Prerequisites

Whatever your background, we expect that you will be familiar with all the material listed below. We also expect that you will have experience in more advanced areas such as differential equations, fluid mechanics, numerical analysis, statistics, etc. The following gives details of the minimum prerequisite material.

Linear algebra

Definitions of a subspace, basis, dimension, span, linear dependence and independence.
Definitions of inner product spaces and norms; the Cauchy Schwarz inequality.
Matrix multiplication, transpose, determinant, trace, inverse. Identities such as (AB)^T=B^TA^T.
Systems of linear equations and their interpretation via matrices.
Elementary row operations, Gaussian elimination, and LU decomposition for the solution of linear systems.
Definition and concepts of eigenvalues and eigenvectors. Finding them by hand for up to 3x3 matrices.
Rotation of coordinates, orthogonal matrices.
Diagonalisation. Possibility of non-diagonalisable matrices.
Properties of real symmetric matrices.
Properties of singular matrices.

Background reading
Jordan & Smith chapters 7, 8, 12, 13; Kreyszig chapters 7, 8.

Real analysis

Concepts and practice of differentiation and integration.
Taylor's theorem.
Limits and L'Hôpital's rule.
The Mean Value Theorem and the Intermediate Value Theorem.

Background reading
Collins chapter 0; Jordan & Smith chapters 1-5, 14-17.

Calculus of several variables

Concept and practice of partial differentiation.
Change of coordinates, chain rule.
Line, surface and volume integrals.
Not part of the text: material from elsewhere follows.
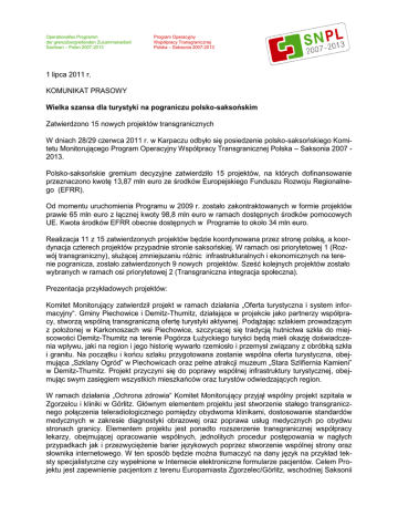 Operationelles Programm der grenzübergreifenden Zusammenarbeit Sachsen – Polen 2007-2013 Program Operacyjny Współpracy Transgranicznej Polska – Saksonia 2007-2013 1 lipca 2011 r. KOMUNIKAT PRASOWY Wielka szansa dla turystyki na pograniczu polsko-saksońskim Zatwierdzono 15 nowych projektów transgranicznych W dniach 28/29 czerwca 2011 r. w Karpaczu odbyło się posiedzenie polsko-saksońskiego Komitetu Monitorującego Program Operacyjny Współpracy Transgranicznej Polska – Saksonia 2007 2013. Polsko-saksońskie gremium decyzyjne zatwierdziło 15 projektów, na których dofinansowanie przeznaczono kwotę 13,87 mln euro ze środków Europejskiego Funduszu Rozwoju Regionalnego (EFRR). Od momentu uruchomienia Programu w 2009 r. zostało zakontraktowanych w formie projektów prawie 65 mln euro z łącznej kwoty 98,8 mln euro w ramach dostępnych środków pomocowych UE. Kwota środków EFRR obecnie dostępnych w Programie to około 34 mln euro. Realizacja 11 z 15 zatwierdzonych projektów będzie koordynowana przez stronę polską, a koordynacja czterech projektów przypadnie stronie saksońskiej. W ramach osi priorytetowej 1 (Rozwój transgraniczny), służącej zmniejszaniu różnic infrastrukturalnych i ekonomicznych na terenie pogranicza, zostało zatwierdzonych 9 nowych projektów. Sześć kolejnych projektów zostało wybranych w ramach osi priorytetowej 2 (Transgraniczna integracja społeczna). Prezentacja przykładowych projektów: Komitet Monitorujący zatwierdził projekt w ramach działania „Oferta turystyczna i system informacyjny“. Gminy Piechowice i Demitz-Thumitz, działające w projekcie jako partnerzy współpracy, stworzą wspólną transgraniczną ofertę turystyki aktywnej. Podążając szlakiem prowadzącym z położonej w Karkonoszach wsi Piechowice, szczycącej się tradycją hutnictwa szkła do miejscowości Demitz-Thumitz na terenie Pogórza Łużyckiego turyści będą mieli okazję doświadczenia wpływu, jaki na region i jego historię wywarło rzemiosło i przemysł związany z obróbką szkła i granitu. Na początku i końcu szlaku przygotowana zostanie wspólna oferta turystyczna, obejmująca „Szklany Ogród” w Piechowicach oraz pełne atrakcji muzeum „Stara Szlifiernia Kamieni” w Demitz-Thumitz. Projekt przyczyni się do poprawy wspólnej infrastruktury turystycznej, obejmując swym zasięgiem wszystkich mieszkańców oraz turystów odwiedzających region. W ramach działania „Ochrona zdrowia“ Komitet Monitorujący przyjął wspólny projekt szpitala w Zgorzelcu i kliniki w Görlitz. Głównym elementem projektu jest stworzenie stałego transgranicznego połączenia teleradiologicznego pomiędzy obydwoma klinikami, dostosowanie standardów medycznych w zakresie diagnostyki obrazowej oraz poprawa usług medycznych po obydwu stronach granicy. Elementem projektu jest ponadto rozszerzenie transgranicznej współpracy lekarzy, obejmującej opracowanie wspólnych, jednolitych procedur postępowania w nagłych przypadkach jak i przezwyciężenie barier językowych poprzez stworzenie wspólnej strony oraz słownika internetowego. W ten sposób będzie można tłumaczyć na dany język na przykład teksty specjalistyczne czy wypełnione w Internecie elektroniczne formularze pacjentów. Celem Projektu jest zapewnienie pacjentom z terenu Europamiasta Zgorzelec/Görlitz, wschodniej Saksonii Operationelles Programm der grenzübergreifenden Zusammenarbeit Sachsen – Polen 2007-2013 Program Operacyjny Współpracy Transgranicznej Polska – Saksonia 2007-2013 oraz zachodniej części województwa dolnośląskiego szybkiej pomocy medycznej na wysokim poziomie, w szczególności w dziedzinie traumatologii. Kolejnym zatwierdzonym przez Komitet projektem było przedsięwzięcie w ramach działania „Wspieranie transgranicznej dostępności dziedzictwa kulturowego”, umiejscowione również w Europamieście Zgorzelec/Görlitz. Jednym z głównych zadań projektu jest opracowanie i dyskusja na temat historii położonego na wschodnim brzegu Nysy Łużyckiej obozu jenieckiego StaLag VIIIa. Po otwarciu archiwów konieczne będzie wykonanie szerokich prac badawczych i dokumentacyjnych. Planowane miejsce pamięci oraz centrum dokumentacyjne zapewnią rodzinom ponad 120.000 byłych jeńców obozu oraz innym zwiedzającym odpowiednią informację ze szczególnym uwzględnieniem zasług francuskiego kompozytora Oliviera Messiaen (1908-1992). W czasie pobytu w StaLagu VIIIa Messiaen skomponował „Kwartet na koniec czasu”, którego prapremiera miała miejsce w 1941 roku w obecności ponad 500 jeńców obozu. Multimedialne centrum spotkań będzie stanowić w przyszłości platformę dla działalności muzycznej i multimedialnej kreatywności młodzieży, pedagogów, artystów i pracowników naukowych jak i dla towarzyszących tej działalności imprez. W ramach działania „Poprawa i rozwój infrastruktury turystycznej” Komitet Monitorujący zatwierdził wspólne przedsięwzięcie powiatów Żary i Görlitz oraz Gminy Zgorzelec pod tytułem „Przygoda z Nysą – zagospodarowanie turystyczne pogranicza polsko-niemieckiego”. W ramach projektu planuje się poprawę i rozszerzenie bazy dla turystyki kajakowej, rowerowej i pieszej. Działania obejmą stworzenie wspólnej, spójnej sieci szlaków rowerowych, pieszych, konnych i wodnych po obydwu stronach Nysy Łużyckiej. W ramach przedsięwzięcia przewidziano zarówno poprawę oznakowania i spójności istniejących szlaków jak i budowę nowych tras rowerowych i pieszych, zejść i wyjść dla kajakarzy wzdłuż Nysy, miejsc odpoczynku dla turystów oraz ustawienie tablic informacyjnych. Jednostką przyjmującą i opracowującą wnioski o dofinansowanie jest Saksoński Bank Odbudowy, Bank Wsparcia (SAB). Szczegółowe informacje na temat procedury składania wniosków i dane kontaktowe można znaleźć na stronie internetowej Programu Operacyjnego pod adresem www.sn-pl.eu. Zapytania dotyczące możliwo
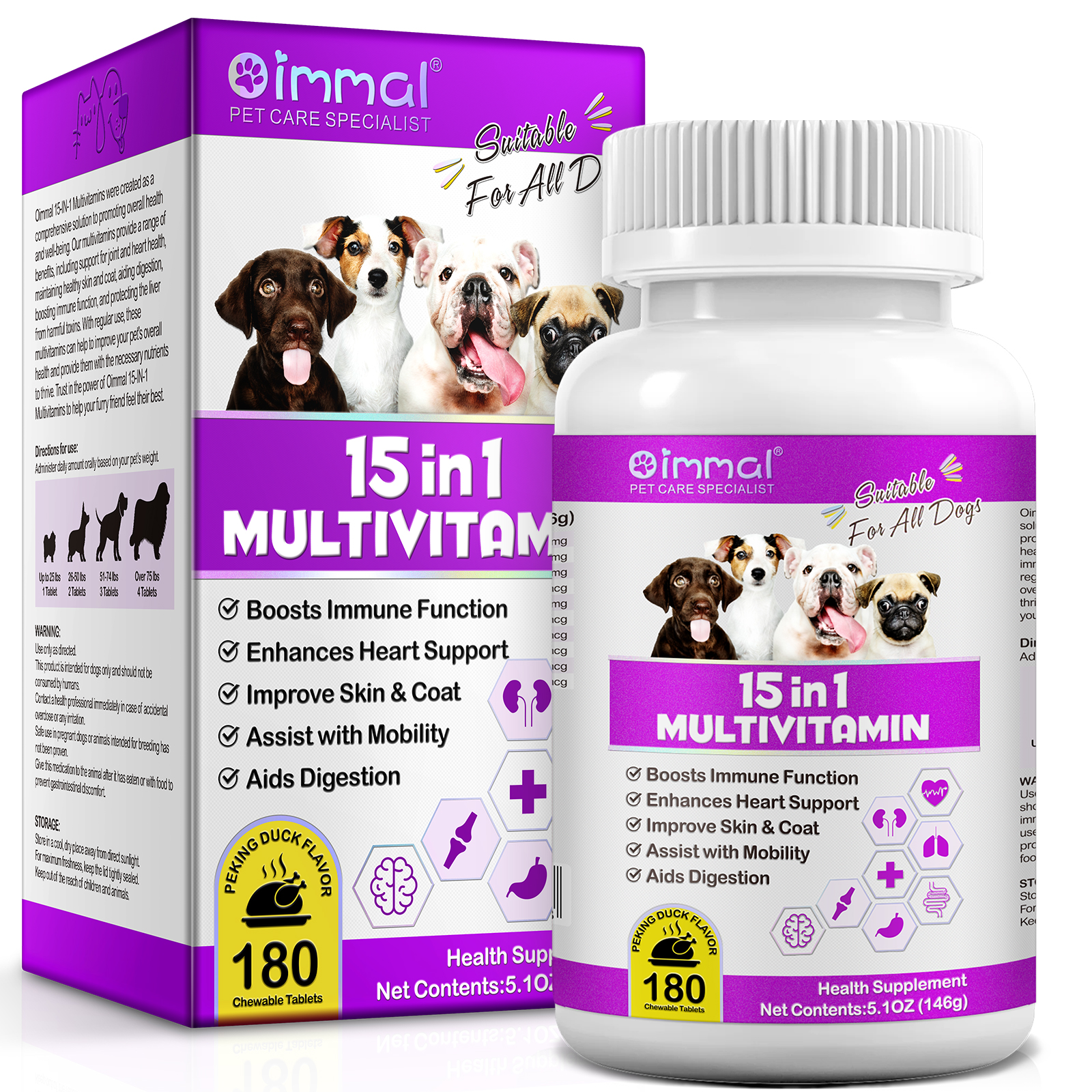 Opis proizvoda: Sveobuhvatne zdravstvene prednosti: Mešavina od 15 esencijalnih vitamina i minerala podržava svaki aspekt zdravlja vašeg psa, od pokretljivosti zglobova do kardiovaskularnog zdravlja. Podrška za zdravlje zglobova: Uključuje glukozamin, hondroitin i MSM, koji promovišu zdravlje i pokretljivost zglobova, pomažući da vaš pas bude aktivan i udoban. Ishrana kože i dlake: Omega masne kiseline, uključujući Omega 3, 6 i 9, zajedno sa biotinom i vitaminima E i A, podstiču sjajnu dlaku i zdravu, hidratizovanu kožu. Digestive Vellness: Probiotici i digestivni enzimi pomažu u održavanju zdravog sistema za varenje, optimizuju apsorpciju hranljivih materija i podržavaju redovno varenje. Pojačana imunološka funkcija: Antioksidansi kao što su vitamin C i E pomažu u jačanju imunološkog sistema, pružajući vašem psu odbranu od stresora iz okoline. Zdravlje srca: Esencijalni hranljivi sastojci poput folne kiseline, taurina i CoK10 podržavaju kardiovaskularnu funkciju i opšte zdravlje srca. Lako za administraciju: Dolazi u obliku za žvakanje sa ukusom koji psi vole, što ga čini lakim za integraciju u vašu svakodnevnu rutinu hranjenja. Kvalitet i sigurnost: Proizvedeno u SAD-u u objektu registrovanom od strane FDA prema strogim GMP smernicama; svaka serija je testirana od strane treće strane kako bi se osigurala čistoća i potentnost.

Change of variables, Jacobian.
div, grad, curl and the Laplacian in Cartesian and other coordinate systems.
Simple manipulation rules: $\nabla \cdot (\phi$ u) = $\nabla \phi \cdot$ u + $\phi \nabla \cdot$ u , and so forth.
Classification of stationary points: local minima, maxima and saddle points. Lagrange multipliers.
Divergence theorem and Stokes' theorem.

Background reading
Jordan & Smith chapters 28-34; Kreyszig chapters 9, 10.

Complex analysis

Basic manipulation of complex numbers and complex variables.
Properties of complex functions: zⁿ, e^z, log z, z^$\alpha$, Euler's formula.
Analytic functions and power series. Convergence, divergence and Cauchy sequences. Holomorphic functions. Cauchy-Riemann equations.
Analysis and classification of isolated singularities and branch points.
Contour integration, Cauchy's theorem, deformation of a contour.

Background reading
Kreyszig chapters 13-16; Priestley.

Ordinary differential equations

Picard's theorem.
Solution of simple ODEs: first-order separable, integrating factors, linear constant-coefficient ODEs, complementary function and particular integral. Stürm-Liouville problem for second-order linear ODE.
Solution of second order ODEs via Green's functions. Delta functions.
Elements of phase plane analysis: critical points and their classification.
Fourier series and eigenfunction expansions.

Background reading
Collins chapters 2, 3, 4, 15; Jordan & Smith chapters 18, 19, 23; Kreyszig chapters 1-4.

Partial differential equations

Solution of first order quasilinear PDEs using the method of characteristics.
Classification of second order semi-linear PDEs. Canonical form.
Basic treatment of Laplace, heat and wave equations. Their solution via separation of variables.
D'Alembert's solution of the wave equation.

Background reading
Collins chapters 5-7; Kreyszig chapter 12.

References

P. J. Collins, Differential and Integral Equations (2006). Oxford University Press.
D. W. Jordan and P. Smith, Mathematical Techniques, 4th Edition (2008) (or 3rd Edition (2002)). Oxford University Press.
E. Kreyszig, Advanced Engineering Mathematics, 10th Edition (2011). Wiley.
H. A. Priestley, Introduction to Complex Analysis, revised edition (1990). Oxford University Press.